The other part of the equation is the artificial intelligence that underpins the platform, driving recommendations and powering its search functionality.

Queenly categorizes dresses through the computer vision and machine learning built in-house by Zhou, a full-stack senior engineer who previously built search and recommendation features at Pinterest. The tech allows users to search by color shades, necklines, hemlines, fabrics and body measurements, and the company is exploring other uses for it in the future.

Given that one of the company’s VC investors includes the original Google engineer who built out the Google image search engine, that seems like an inevitability. He’s not the only tech investor to jump on the Queenly bandwagon.

The business, which got its start at startup accelerator Y Combinator, has been backed by a who’s who of angel investors, including Thuan Pham, former chief technology officer of Uber; Manik Gupta, previously chief product officer Uber, chief executive officer and co-founder of Mercari, Ryo Ishizuka; James Park, CEO of FitBit, and Caviar cofounders Jason Wang, Shawn Tsao and Andy Zhang.

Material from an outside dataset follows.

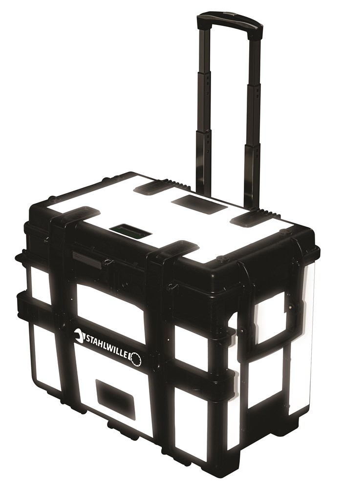 Zeer robuust en belastbaar voor professioneel gebruik, laag gewicht door het gebruik van ABS, 5 eenvoudig uitneembare, met transparante deksel afsluitbare schuifladen, schuifladen kunnen er in willekeurige volgorde worden ingeschoven, bovenop en voorop een afneembaar deksel, 1 uitneembare bak met 2 greep en 2 transparante schuifladendeksels onder de bovenste deksel, separaat documentenvak in het deksel, 4 posities voor naamplaatjes, 2 lichtlopende dubbele wielen aan de kant van de telescoopgreep, met 4 extra wielen leverbaar, waarvan 2 met vastzetrem (prijs op aanvraag), uittrekbare telescoopgreep om eenvoudig te transporteren, 2 draaggrepen aan de zijkant, resistent tegen skydrol, aceton, benzine en hydraulische oliën, 20 kg draagkracht, n,b,v, hangslot op 3 posities afsluitbaar, met reflecterende folie rondom voor verhoogde veiligheid bij werkzaamhden in een donkere omgeving.

It seems Queenly has managed to do what few fashion startups have managed to accomplish: Enamor Silicon Valley with formal dresses. And, perhaps, inject some optimism into what lies ahead.

“I do think we will return to some kind of new normal, where physical in-person events are going to come back,” Chan said. “And I think the other thing that people don’t realize about these events is, they happen year-round and they happen every single year.”